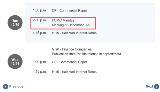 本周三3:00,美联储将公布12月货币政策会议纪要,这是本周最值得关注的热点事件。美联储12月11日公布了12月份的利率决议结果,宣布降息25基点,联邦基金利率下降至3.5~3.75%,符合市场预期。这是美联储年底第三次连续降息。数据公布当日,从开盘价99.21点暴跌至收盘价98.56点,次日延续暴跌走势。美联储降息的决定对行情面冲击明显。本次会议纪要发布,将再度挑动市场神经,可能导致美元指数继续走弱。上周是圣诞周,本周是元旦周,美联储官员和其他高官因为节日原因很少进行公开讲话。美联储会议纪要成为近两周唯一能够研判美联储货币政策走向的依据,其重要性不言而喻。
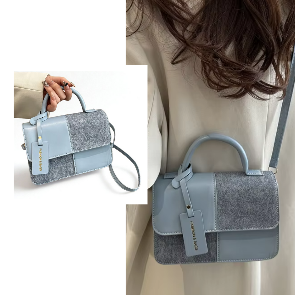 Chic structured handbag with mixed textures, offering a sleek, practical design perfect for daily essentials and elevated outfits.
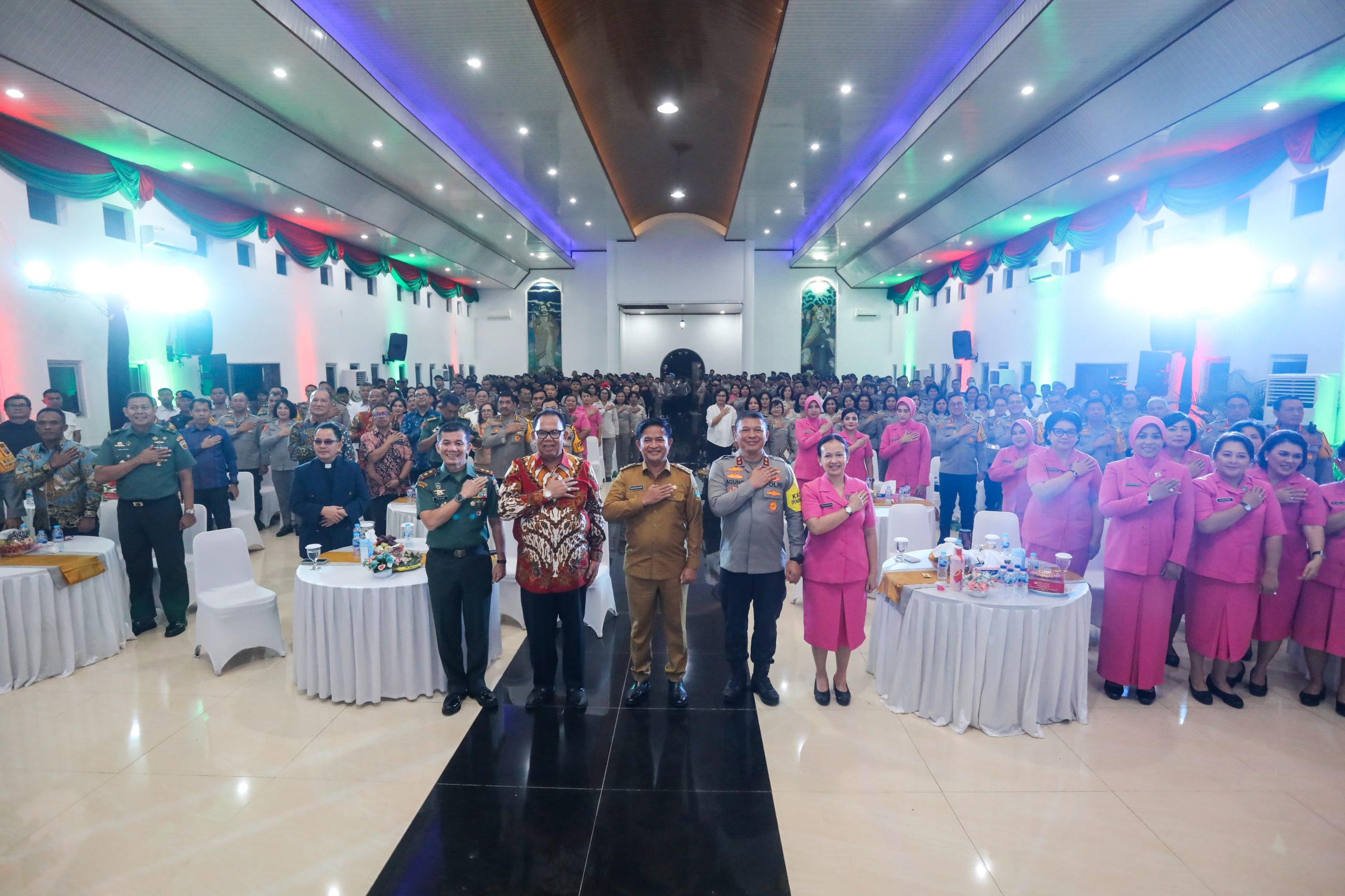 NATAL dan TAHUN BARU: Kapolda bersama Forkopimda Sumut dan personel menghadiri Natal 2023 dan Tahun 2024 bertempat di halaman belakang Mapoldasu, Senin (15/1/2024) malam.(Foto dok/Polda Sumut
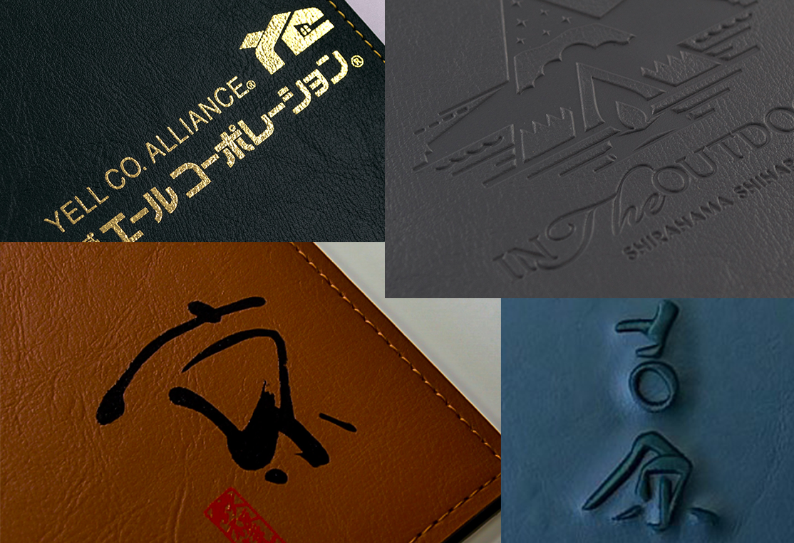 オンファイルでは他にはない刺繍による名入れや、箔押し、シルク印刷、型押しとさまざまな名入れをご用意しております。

..............................

Please return exactly the lines from the one containing "Chic structured handbag" through the end of the material above, both ends included, but not the pictures.

 Chic structured handbag with mixed textures, offering a sleek, practical design perfect for daily essentials and elevated outfits.
 NATAL dan TAHUN BARU: Kapolda bersama Forkopimda Sumut dan personel menghadiri Natal 2023 dan Tahun 2024 bertempat di halaman belakang Mapoldasu, Senin (15/1/2024) malam.(Foto dok/Polda Sumut
 オンファイルでは他にはない刺繍による名入れや、箔押し、シルク印刷、型押しとさまざまな名入れをご用意しております。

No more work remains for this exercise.